The obvious reason is that it’s delicious. Buttery dough slathered with sauce and showered with cheese; yes please. Then literally any of your favorite foods on top. Steak, barbecue, chocolate—it doesn’t matter. It’s ok because it’s pizza. It has no bounds, no tact. It’s open-door policy to ingredients has caused a feeding free-for-all.
Pizza is too convenient. If I have a phone I can get one in 20 minutes. If I have a car I can get it in five. I don’t have to do any work to get pizza.
In fact, I just have to show up. If I go to a place, any place, if I just stick around long enough, the pizza will come. Home, work, church, school, party, practice, hospital, cul-de-sac, whatever.
There it is! Pizza is in my lunchbox. An alert for pizza in the conference room is in my inbox. I don’t want pizza with drinks right after work. Too bad son, pizza is cheap at happy hour. I get home after three pizza sessions and there’s nothing to eat in the fridge. Dare I look in the freezer, that gelid jukebox of choices where a pizza will forever magically appear?

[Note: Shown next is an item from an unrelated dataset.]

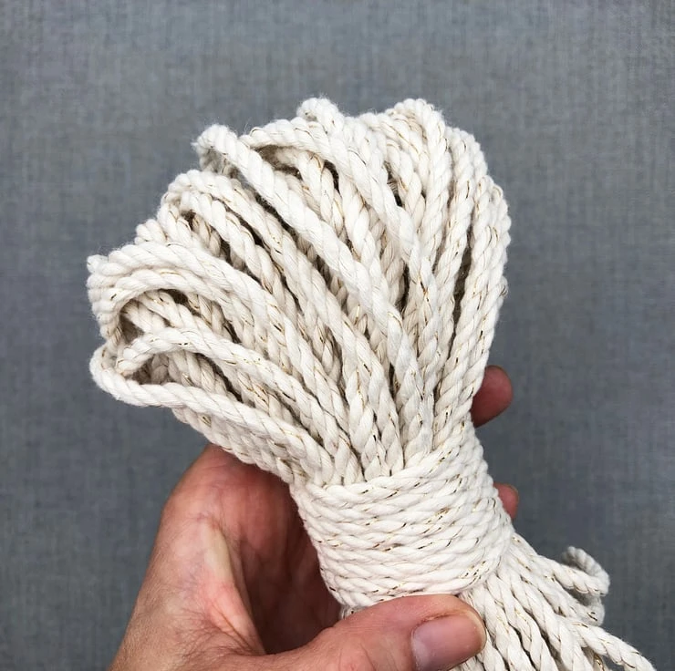 Inside the box you will find 19.5 metres of beautiful cotton rope in natural with gold flecks, a 6″ copper ring and full step-by-step photographic instructions.

Seriously pizza, leave me the heck alone. Remember the girlfriend who always wanted to hang out? That’s pizza. You liked her and didn’t want to go too long without seeing her, but you were always like “Chill girl, I already met you for breakfast and lunch. I can’t do dinner, I just can’t.” And then you’d have dinner with her and think, “Girl, you are so awesome. I love you love you love you.” And then you got home cursing yourself, ruing the day you met, committed to saying “we need a break.” So you went to the pool the next day and she was already there, hot ‘n ready like Little Caesar. Are you still following this analogy? ‘Cuz I’m not.
The point is, this food (which is my favorite) is no longer special. It’s joined milk and bread along with other essentials, a food we can’t seem to live without. But I’m taking a break. Really I am, no pizza for like at least a week.